Exercise aim
After locating the line with "Use the WattCycle" below, output it and each following line exactly, stopping after the line with "A man on a skateboard". No pictures.

Dataset entries

"""

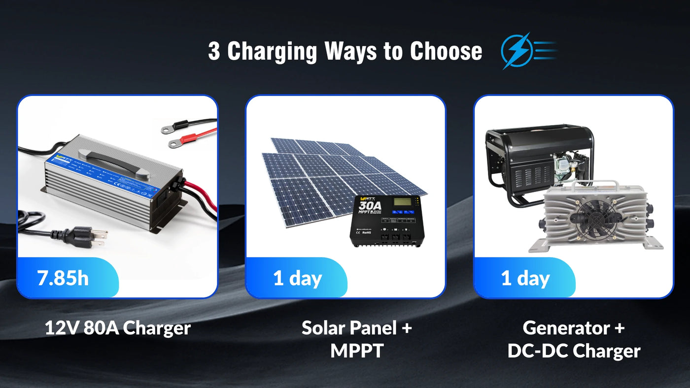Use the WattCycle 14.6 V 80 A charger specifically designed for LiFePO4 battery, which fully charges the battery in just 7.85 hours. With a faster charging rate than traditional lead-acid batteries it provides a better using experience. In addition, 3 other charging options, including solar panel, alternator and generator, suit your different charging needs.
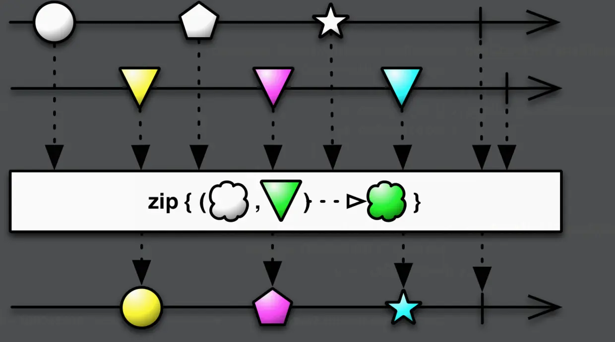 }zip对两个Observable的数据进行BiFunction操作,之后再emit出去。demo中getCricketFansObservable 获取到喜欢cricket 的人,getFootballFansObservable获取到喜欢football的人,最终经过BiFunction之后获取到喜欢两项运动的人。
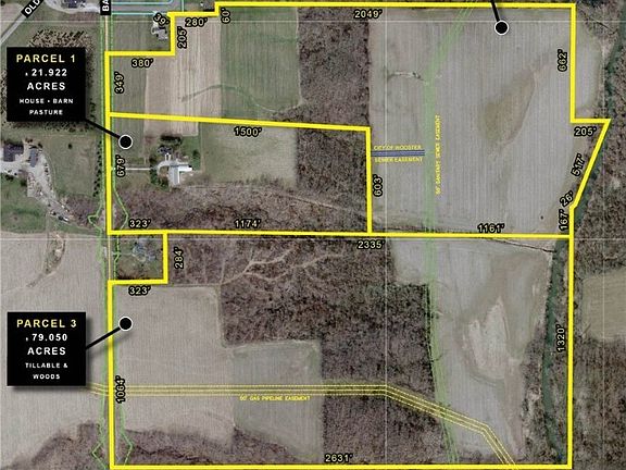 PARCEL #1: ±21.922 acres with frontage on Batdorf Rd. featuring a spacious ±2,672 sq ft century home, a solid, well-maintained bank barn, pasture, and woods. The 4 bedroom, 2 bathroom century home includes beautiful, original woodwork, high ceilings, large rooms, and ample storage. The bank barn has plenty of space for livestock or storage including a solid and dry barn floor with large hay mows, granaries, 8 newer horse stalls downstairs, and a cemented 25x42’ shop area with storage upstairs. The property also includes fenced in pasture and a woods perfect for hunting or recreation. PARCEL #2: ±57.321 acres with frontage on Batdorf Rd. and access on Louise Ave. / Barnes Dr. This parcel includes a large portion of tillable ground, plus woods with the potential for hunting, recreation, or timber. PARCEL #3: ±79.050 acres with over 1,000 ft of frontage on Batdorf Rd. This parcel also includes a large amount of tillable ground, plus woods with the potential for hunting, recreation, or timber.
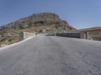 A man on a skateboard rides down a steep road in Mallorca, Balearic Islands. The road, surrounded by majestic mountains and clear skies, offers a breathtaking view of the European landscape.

"""
"""

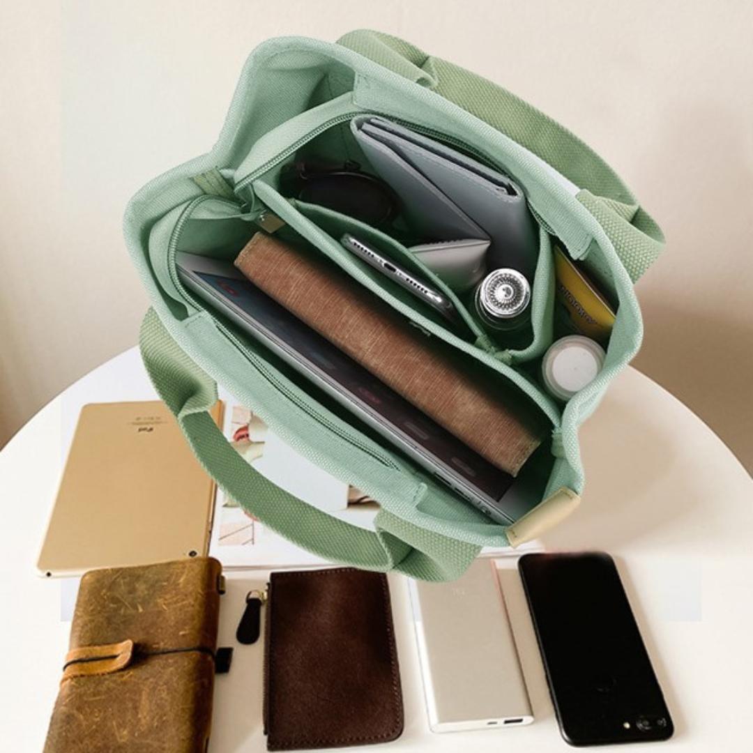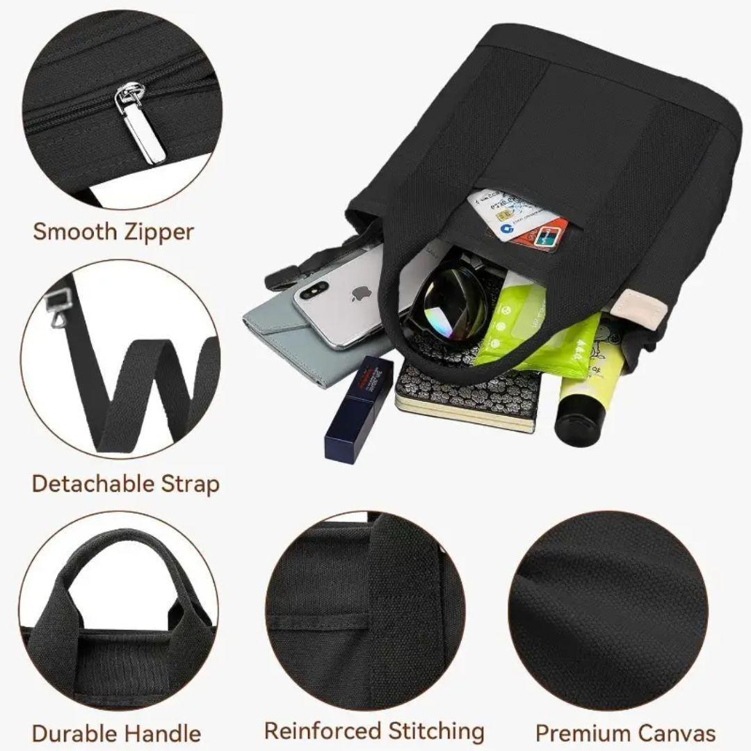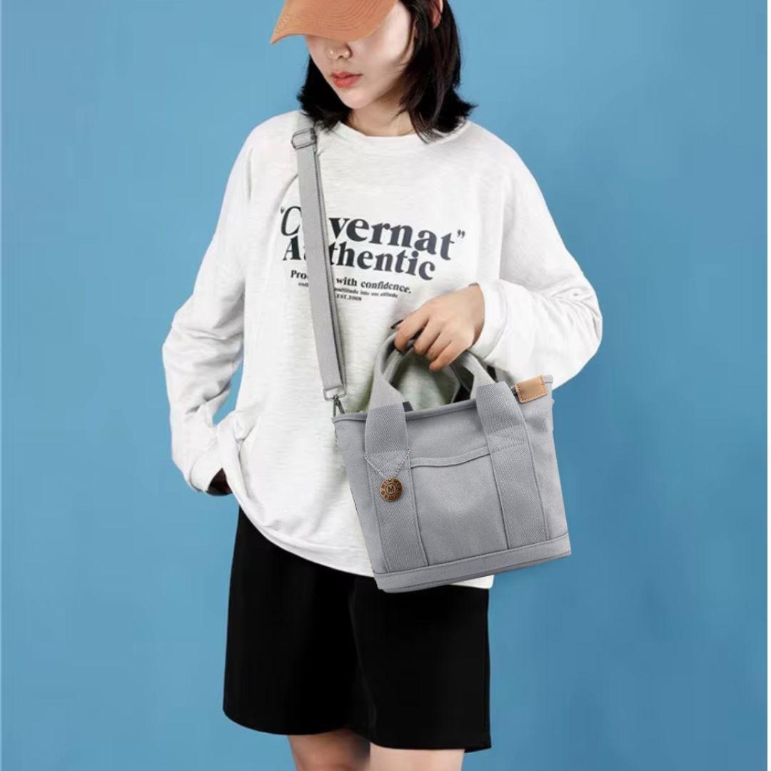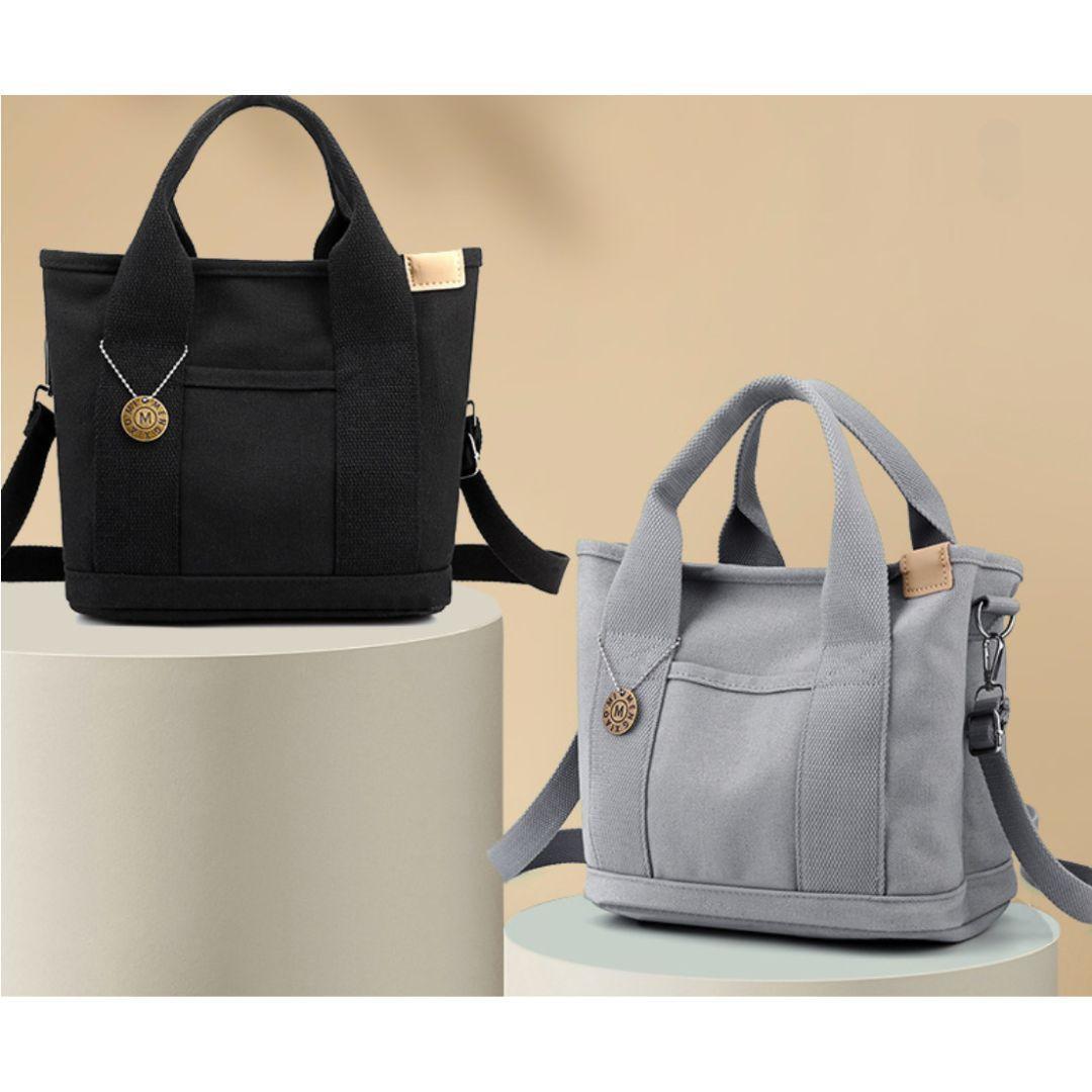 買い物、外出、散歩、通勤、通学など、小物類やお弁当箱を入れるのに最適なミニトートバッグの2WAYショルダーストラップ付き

"""
"""

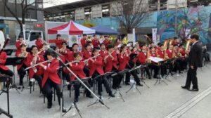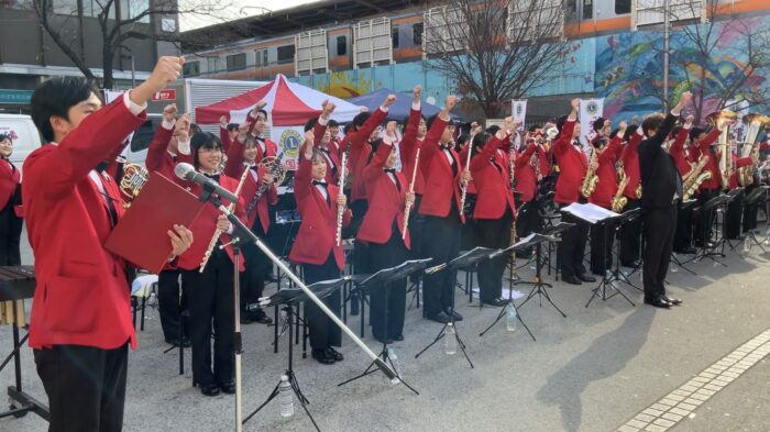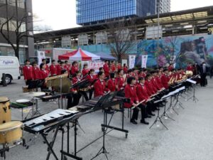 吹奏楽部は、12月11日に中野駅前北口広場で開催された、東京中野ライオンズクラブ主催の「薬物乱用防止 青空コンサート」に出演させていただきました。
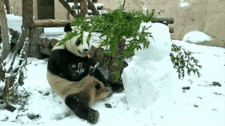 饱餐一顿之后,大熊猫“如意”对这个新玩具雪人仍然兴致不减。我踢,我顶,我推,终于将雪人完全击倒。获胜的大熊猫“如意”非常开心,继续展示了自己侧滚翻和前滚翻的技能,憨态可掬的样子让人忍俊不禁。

"""

Result for this task
Use the WattCycle 14.6 V 80 A charger specifically designed for LiFePO4 battery, which fully charges the battery in just 7.85 hours. With a faster charging rate than traditional lead-acid batteries it provides a better using experience. In addition, 3 other charging options, including solar panel, alternator and generator, suit your different charging needs.
 }zip对两个Observable的数据进行BiFunction操作,之后再emit出去。demo中getCricketFansObservable 获取到喜欢cricket 的人,getFootballFansObservable获取到喜欢football的人,最终经过BiFunction之后获取到喜欢两项运动的人。
 PARCEL #1: ±21.922 acres with frontage on Batdorf Rd. featuring a spacious ±2,672 sq ft century home, a solid, well-maintained bank barn, pasture, and woods. The 4 bedroom, 2 bathroom century home includes beautiful, original woodwork, high ceilings, large rooms, and ample storage. The bank barn has plenty of space for livestock or storage including a solid and dry barn floor with large hay mows, granaries, 8 newer horse stalls downstairs, and a cemented 25x42’ shop area with storage upstairs. The property also includes fenced in pasture and a woods perfect for hunting or recreation. PARCEL #2: ±57.321 acres with frontage on Batdorf Rd. and access on Louise Ave. / Barnes Dr. This parcel includes a large portion of tillable ground, plus woods with the potential for hunting, recreation, or timber. PARCEL #3: ±79.050 acres with over 1,000 ft of frontage on Batdorf Rd. This parcel also includes a large amount of tillable ground, plus woods with the potential for hunting, recreation, or timber.
 A man on a skateboard rides down a steep road in Mallorca, Balearic Islands. The road, surrounded by majestic mountains and clear skies, offers a breathtaking view of the European landscape.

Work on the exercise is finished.